The greenback ended the day higher against majority of its peers on Tuesday due to a rebound in U.S. Treasury yields together with comments from U.S. Treasury Secretary Janet Yellen, who said U.S. interest rates may need to rise.  
  
Reuters reported U.S. interest rates may need to rise to prevent the economy from overheating as more of U.S. President Joe Biden's economic investment programs come on line, U.S. Treasury Secretary Janet Yellen suggested in remarks released Tuesday.       

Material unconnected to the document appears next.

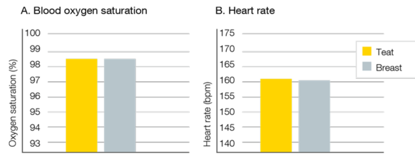 這項比較了哺乳和親餵模擬奶嘴的研究中,發現是兩種哺餵方法在一下結果上有相似性:

"It may be that interest rates will have to rise somewhat to make sure that our economy doesn't overheat, even though the additional spending is relatively small relative to the size of the economy," she said in taped remarks to a virtual event put on by The Atlantic. "It could cause some very modest increases in interest rates to get that reallocation, but these are investments our economy needs to be competitive and to be productive (and) I think that our economy will grow faster because of them."  
  
Versus the Japanese yen, the dollar initially rose from 109.04 in Australia to session highs of 109.48 in early European morning. The pair then pared intra-day gains and retreated to 109.05 in New York morning on fall in U.S. Treasury yields as well as cross-buying in jpy before staging a rebound to 109.42 on Yellen's comment.   
  
The single currency met renewed selling at 1.2065 in Australia and tumbled to an 11-day low of 1.2000 in Europe on broad-based usd's strength. The pair then staged a rebound to 1.2035 in New York but only to weaken again to 1.2003 on Yellen's comments.  
  
The British pound initially fell from 1.3914 to 1.3852 in early European morning before rebounding to 1.3891. The pair then dropped to session lows of 1.3839 at New York open on usd's strength as well as crossing-selling in sterling due to comments from Scotland's First Minister, Nicola Sturgeon before rebounding to 1.3891. However, price then staged a strong recovery to 1.3897 on cross-buying in sterling.  
  
Reuters reported Scottish First Minister Nicola Sturgeon challenged British Prime Minister Boris Johnson to oppose plans for another independence referendum in court, saying that only the courts could prevent another such vote.     "I'm saying if Boris Johnson wants to stop it, he would have to take legal action," Sturgeon told Sky.     "If Boris Johnson didn't do that, by definition it would be a legal referendum. If he did do that, the courts would decide," Sturgeon said.   
  
Data to be released on Wednesday :  
  
Australia AIG construction index, services PMI, building permits, New Zealand unemployment rate, employment change, labour cost, Swiss CPI, Italy markit services PMI, France markit services PMI, Germany markit services PMI, EU markit services PMI, producer prices, U.S. MBA mortgage app, ADP employment change, markit services PMI, ISM non-manufacturing PMI.